- _INPUT DATA_:
━━━
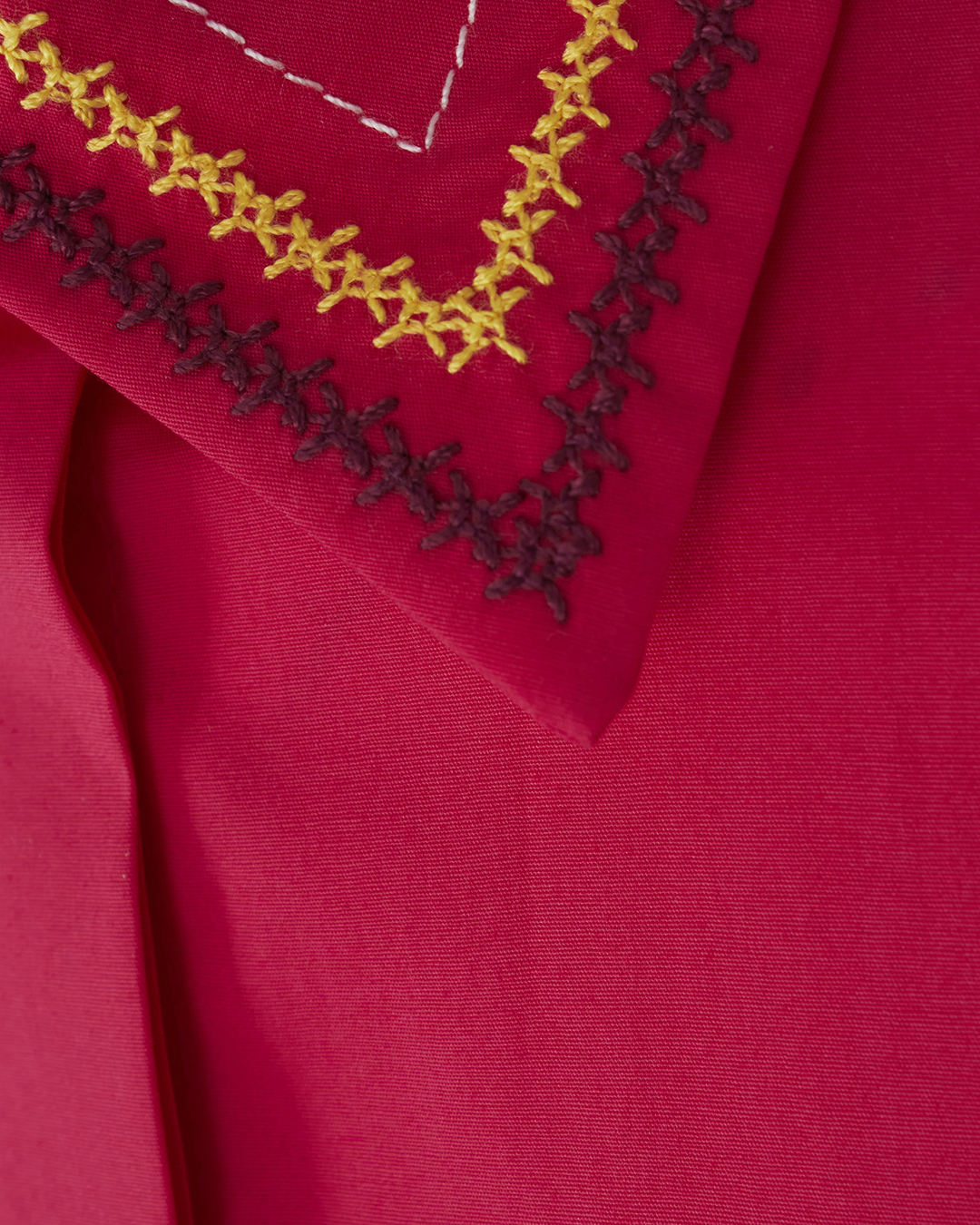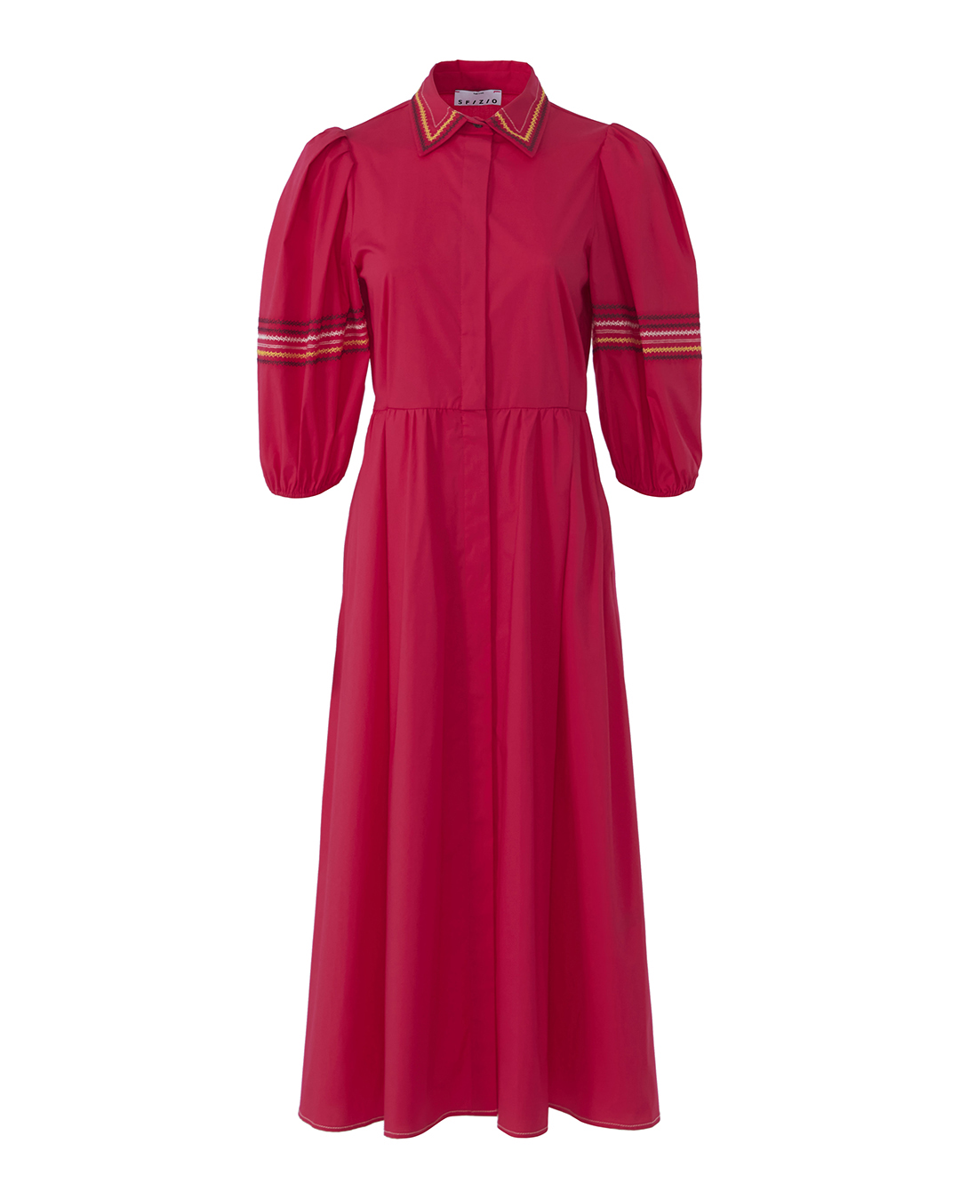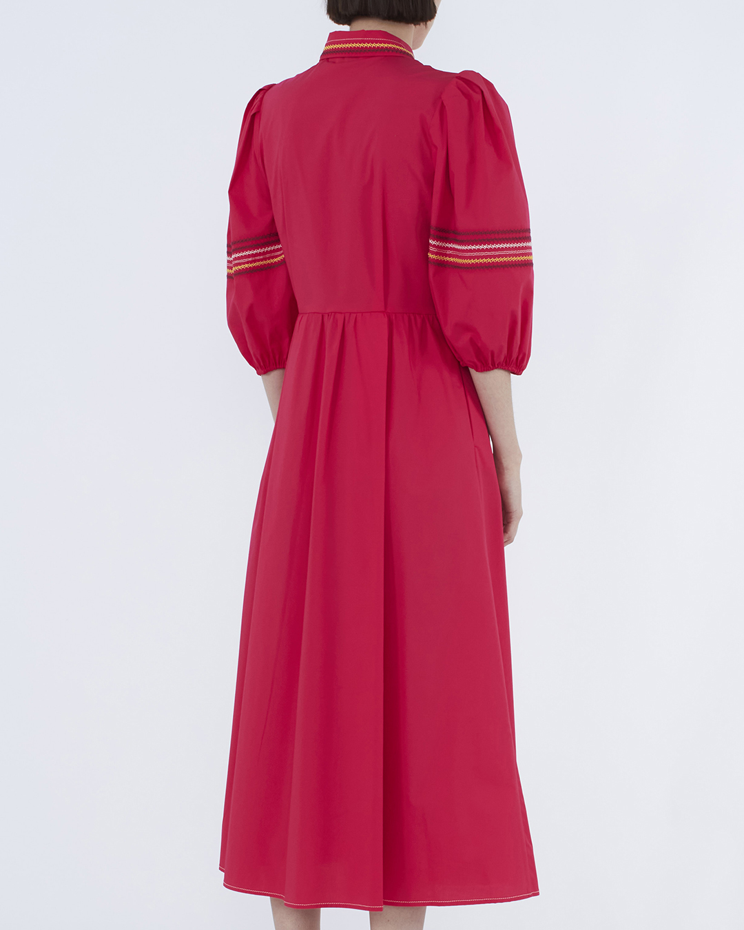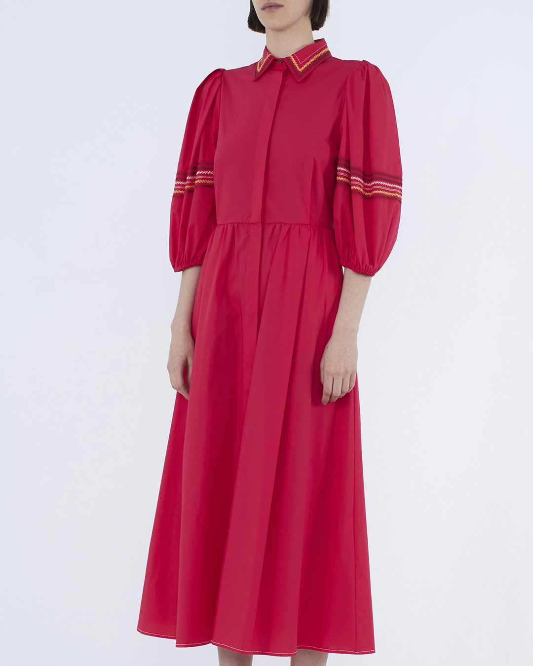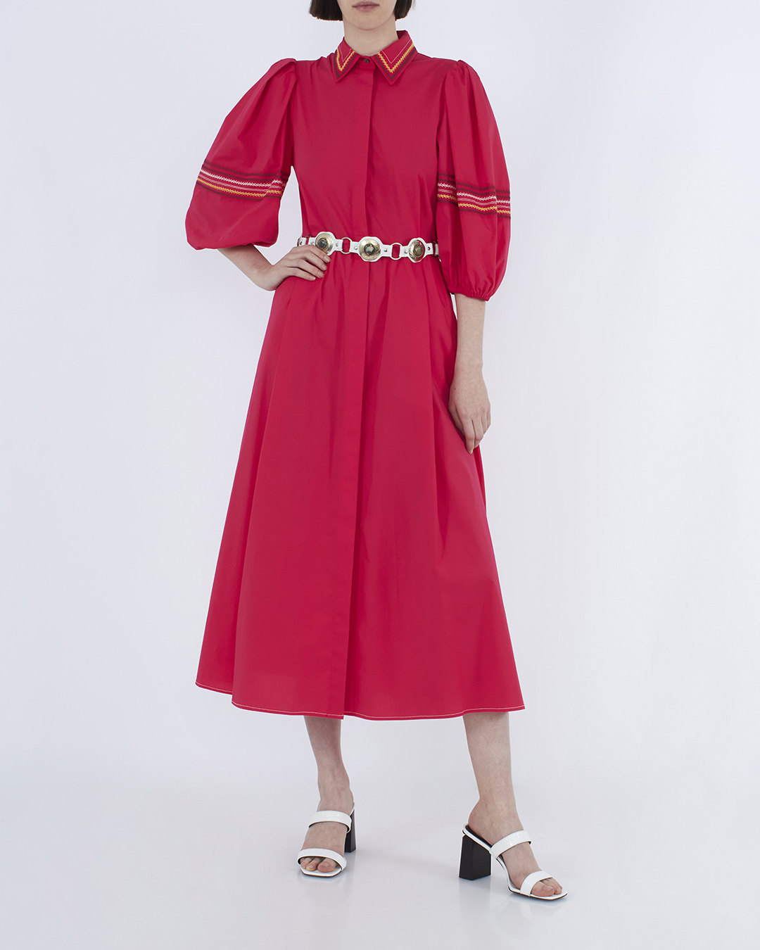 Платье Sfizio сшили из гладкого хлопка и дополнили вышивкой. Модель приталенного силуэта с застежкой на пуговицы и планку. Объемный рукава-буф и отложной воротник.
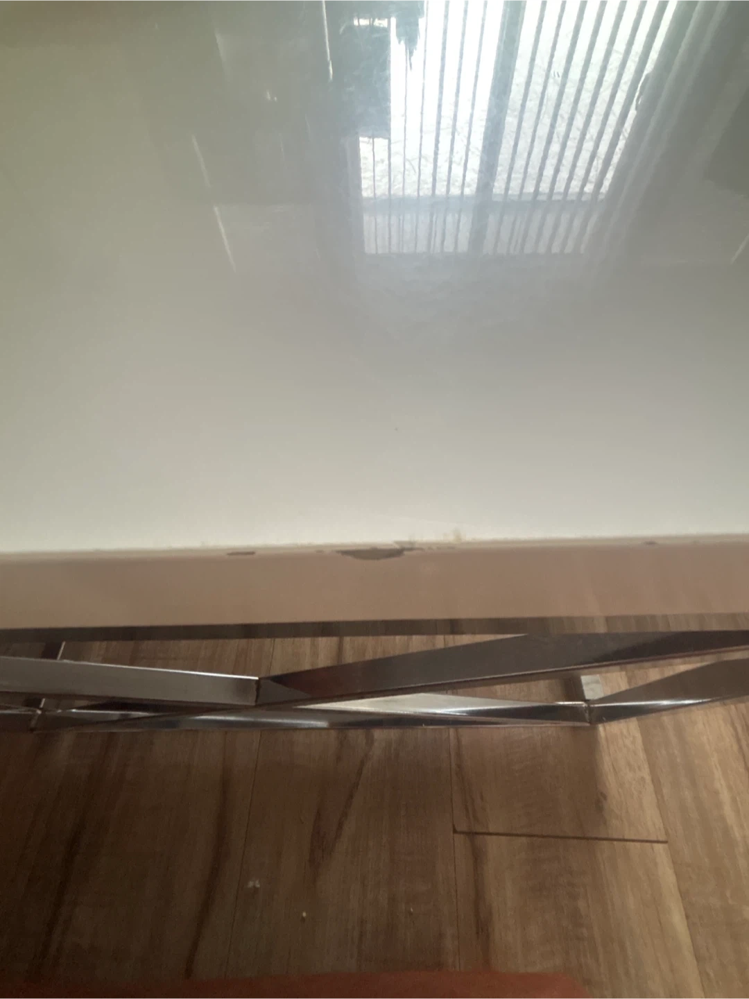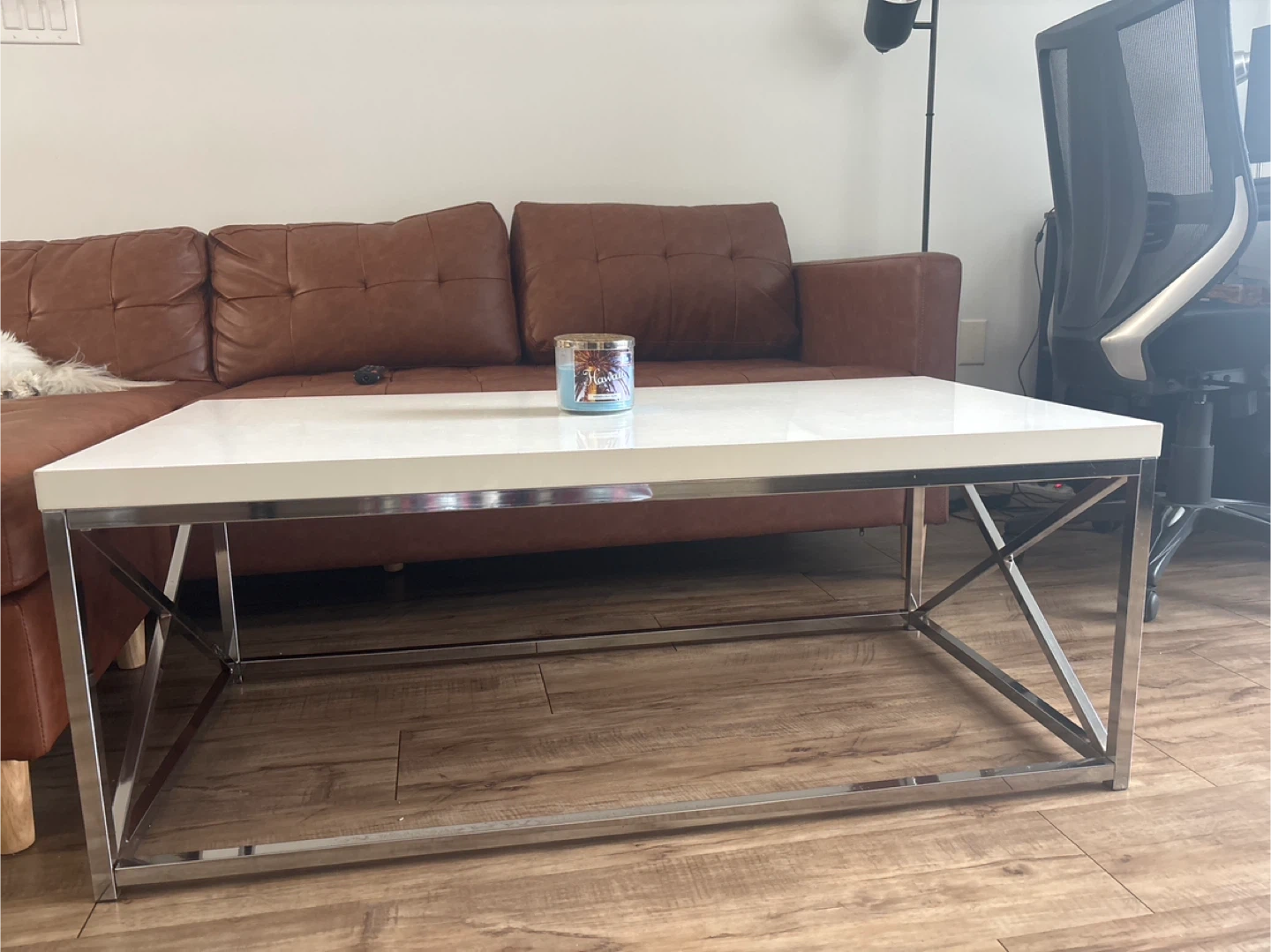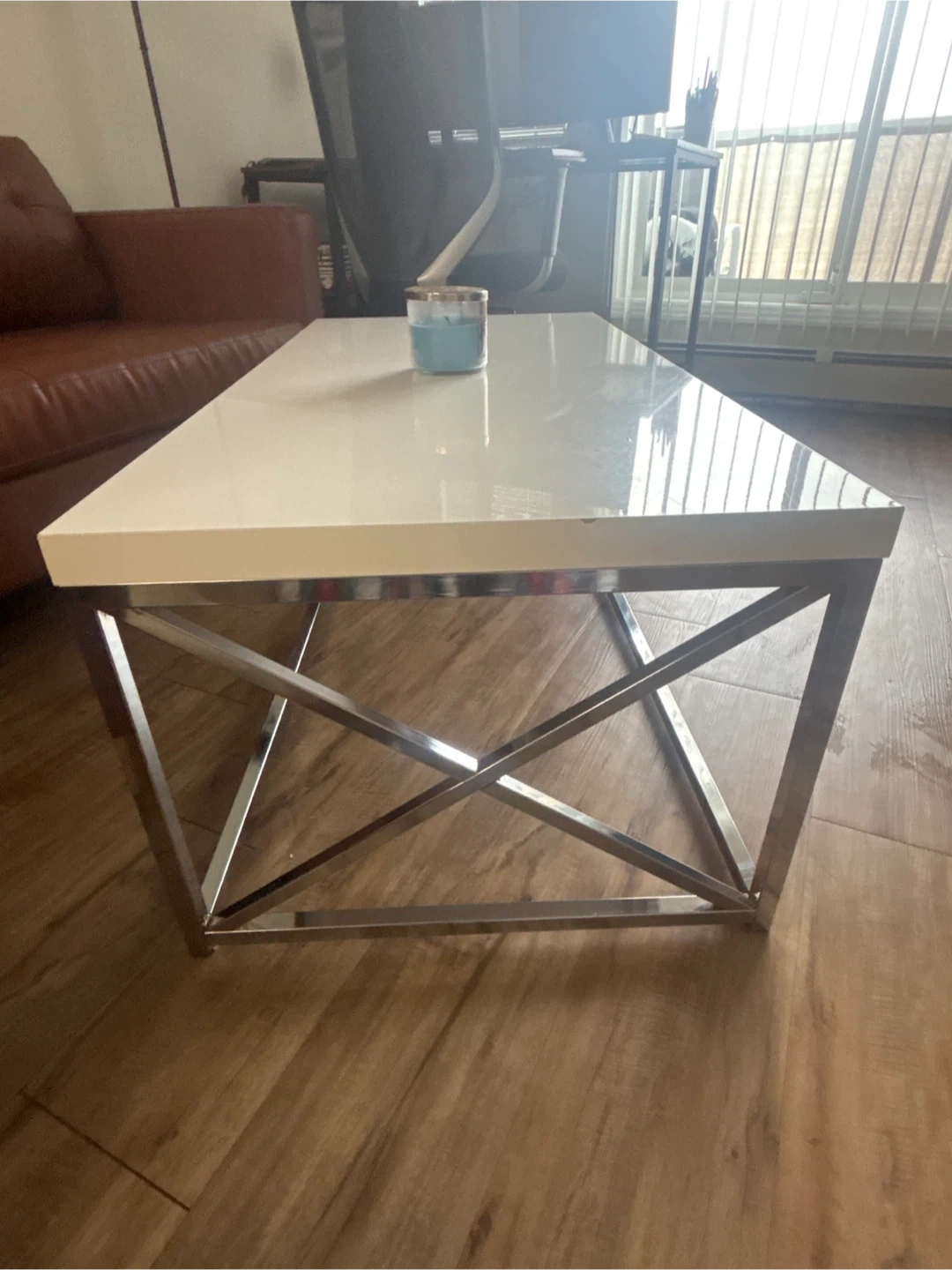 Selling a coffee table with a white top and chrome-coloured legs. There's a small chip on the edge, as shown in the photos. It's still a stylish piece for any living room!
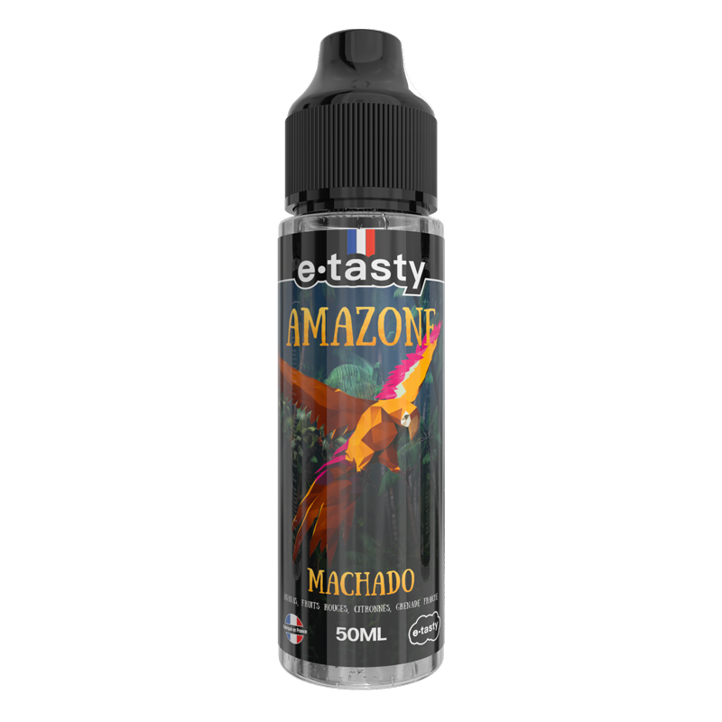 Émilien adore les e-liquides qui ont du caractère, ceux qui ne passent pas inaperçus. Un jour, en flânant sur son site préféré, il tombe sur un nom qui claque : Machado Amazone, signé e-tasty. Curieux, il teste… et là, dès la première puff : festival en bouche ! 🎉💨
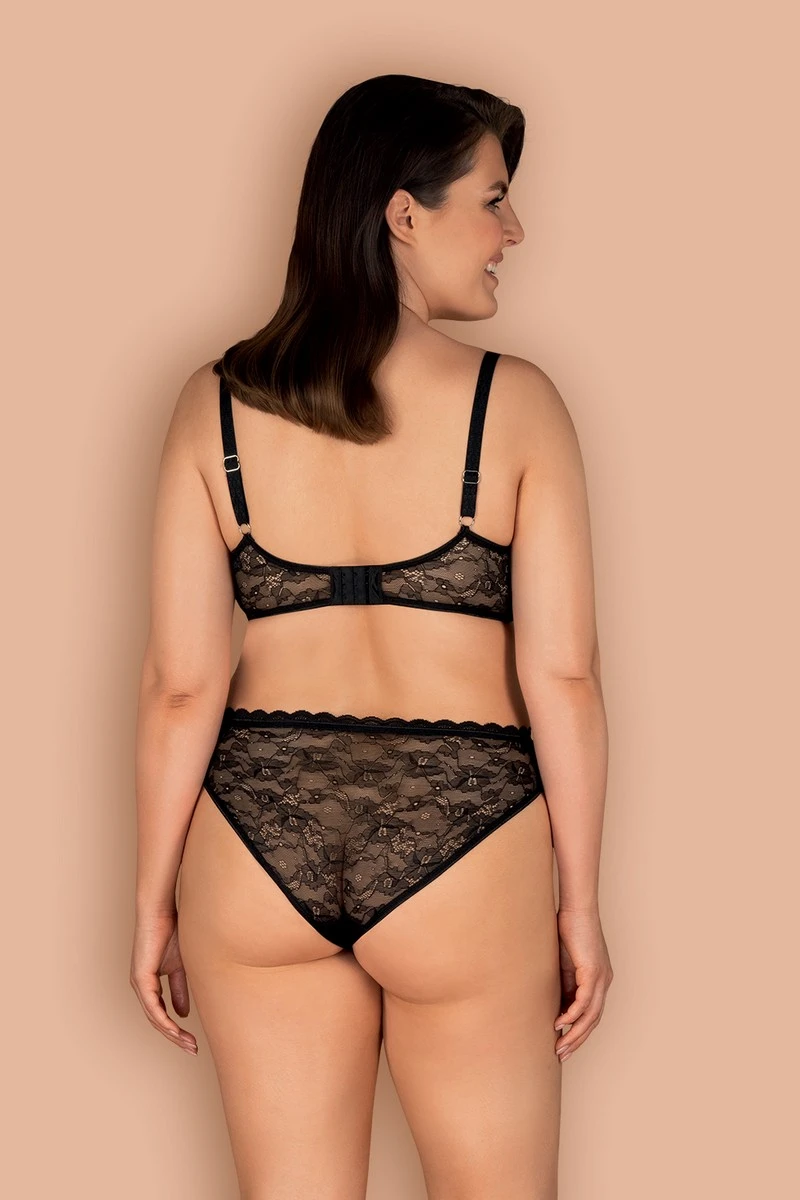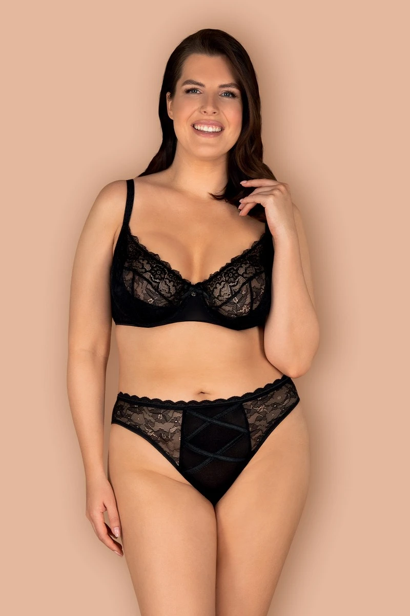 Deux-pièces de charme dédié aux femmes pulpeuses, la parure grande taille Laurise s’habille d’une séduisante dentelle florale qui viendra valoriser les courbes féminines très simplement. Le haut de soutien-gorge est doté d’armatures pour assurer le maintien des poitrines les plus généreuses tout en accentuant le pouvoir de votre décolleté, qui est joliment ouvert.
━━━
- _EXERCISE DESCRIPTION_: What you should repeat exactly is the run of lines from the top of the listing above through the line with "Émilien adore les", without pictures.

- _RESPONSE_:
 Платье Sfizio сшили из гладкого хлопка и дополнили вышивкой. Модель приталенного силуэта с застежкой на пуговицы и планку. Объемный рукава-буф и отложной воротник.
 Selling a coffee table with a white top and chrome-coloured legs. There's a small chip on the edge, as shown in the photos. It's still a stylish piece for any living room!
 Émilien adore les e-liquides qui ont du caractère, ceux qui ne passent pas inaperçus. Un jour, en flânant sur son site préféré, il tombe sur un nom qui claque : Machado Amazone, signé e-tasty. Curieux, il teste… et là, dès la première puff : festival en bouche ! 🎉💨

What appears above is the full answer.